The city even assigned a detail of undercover officers to accompany him to an area set aside for protests, according to the complaint filed by Cleveland attorney Subodh Chandra.

Once at the site, however, officials allegedly shut down his protest by dousing the flame he had lit on the corner of the flag with “cold fire.” Johnson claims a group of supporters from the communist political group RevCom formed a protective circle around him so he could burn the flag but officers breached it to snuff out his protest with an extinguisher.

The police “literally extinguished his speech,” the lawsuit states. “Then they dragged him to the ground where, prone and compliant, he was kicked and punched by the very men the city would charge him with assaulting."

Johnson says the police arrested and detained him after officers squelched his protest and then later charged him with assault, but the charges against him were dropped in January 2017, just before Trump’s inauguration.

Cleveland spokesman Dan Williams said the city had received the lawsuit on Thursday but could not comment on pending litigation.

Jones and his outlet InfoWars are also named in Wednesday’s lawsuit. Johnson claims that "self-styled" InfoWars reporters celebrated in a nearby bar after his arrest and created false reports that Johnson has struck them to support the charges of misdemeanor assault.

Johnson also claims InfoWars and the police had a video of the incident that would have cleared him but it disappeared after his arrest.

Jones and InfoWars did not immediately respond Thursday to a request for an interview.
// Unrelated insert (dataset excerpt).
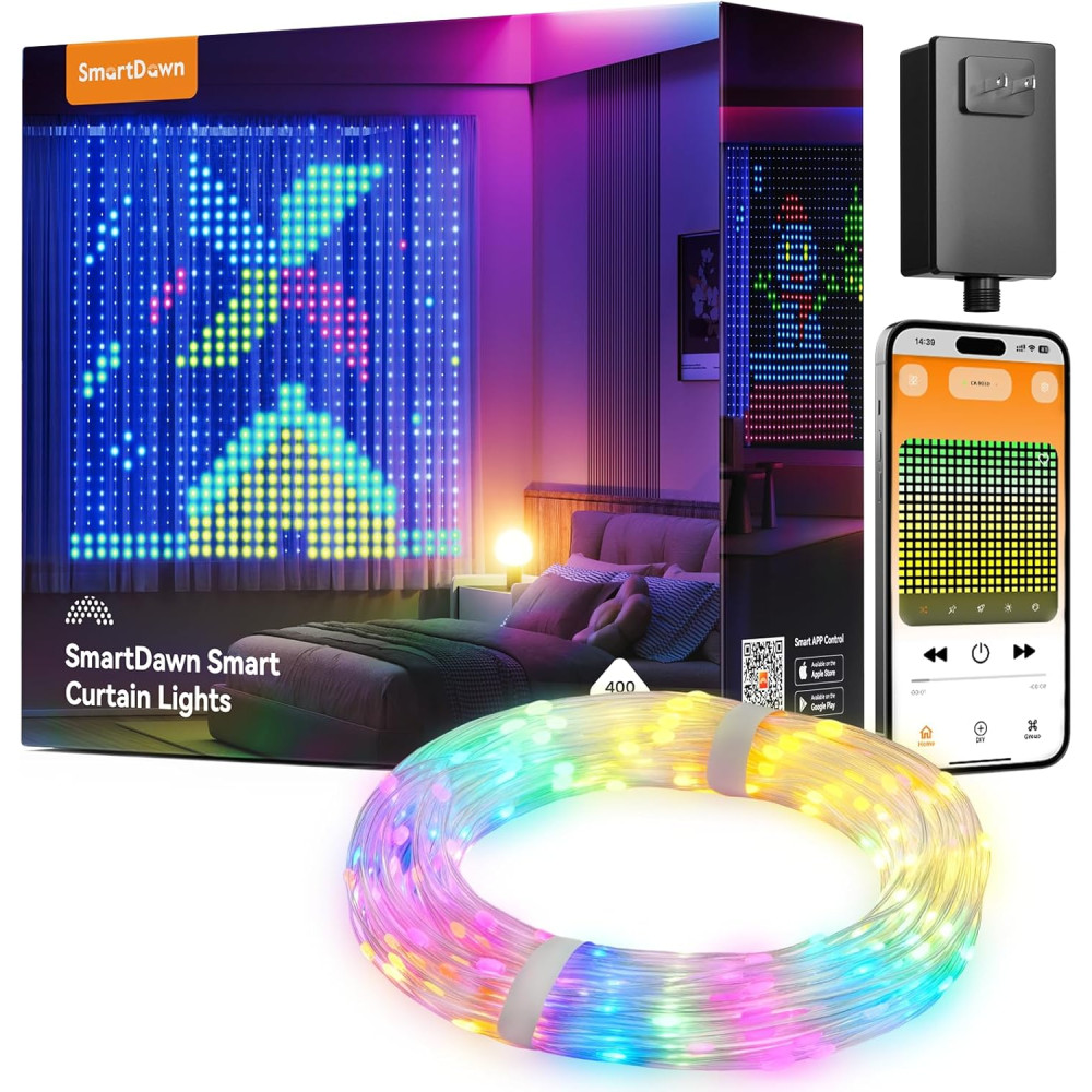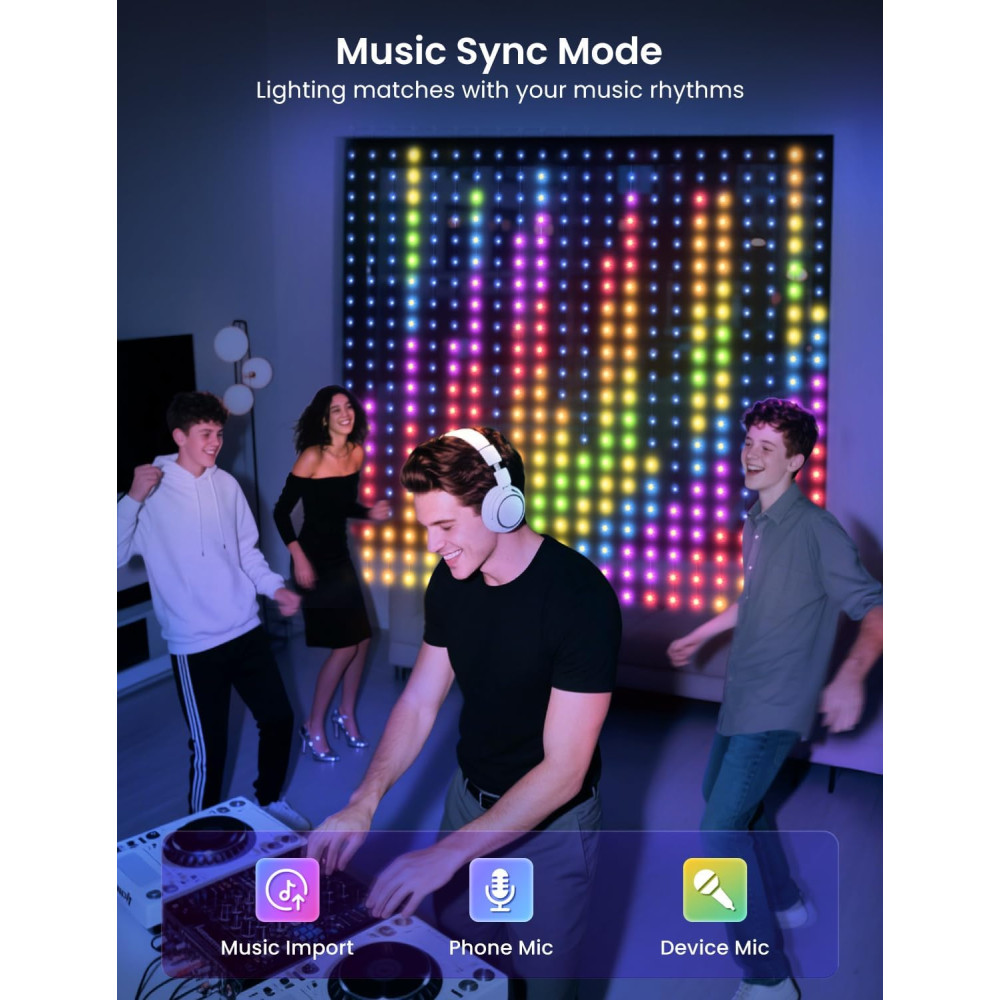 Благодаря 200 ярким LED-лампочкам гирлянда создаёт насыщенное свечение, которое привлекает внимание и добавляет интерьеру очарования. Управление через Bluetooth позволяет изменять режимы и цвета света прямо со смартфона. Для удобства в комплекте предусмотрен пульт управления. Вы можете выбирать разные световые сценарии: мигание, плавное или статическое свечение

“Mr. Johnson’s persecution in Cleveland was no patrolman’s error,” the lawsuit states. “It was ratified by the city’s continuing retaliation against him. And it represents a calculated assault on the rule of law; the culmination of a decades-old practice by Cleveland police officers to seek unlawful convictions on the basis of ‘unpatriotic’ symbolic speech.”

Seventy-four percent of respondents in a recent YouGov poll said flag burning was not an appropriate form of protest, and 48 percent of those polled said that they would favor a constitutional amendment banning it.

Trump famously tweeted when he was president-elect that people should be jailed or lose their citizenship if they burned the flag.

But 44 percent of respondents in the same poll were opposed to jail time for burning the flag, while 38 percent favored it. Fifty-eight percent opposed a measure that would strip people of their citizenship. Twenty-four percent of respondents said they would support such a punishment.

Johnson’s attorney, Chandra, said in a statement, “While most Americans find flag-burning abhorrent, even high-school students know that it is constitutionally protected free speech. Even Justice Scalia said so, nearly 30 years ago. Cleveland police officers would and should know this if they were properly trained. Officers’ failure to protect Mr. Johnson—and indeed their decision to arrest and prosecute him, violated the Constitution. They must be held accountable to the rule of law.”

Johnson’s complaint names as defendants the city of Cleveland, Chief of Police Calvin Williams, Texas-based InfoWars, Jones and InfoWars reporters Joseph Biggs and Jordan Salkin, and multiple public safety officials.

He seeks compensatory and punitive damages for alleged violations of his First and Fourth Amendment rights.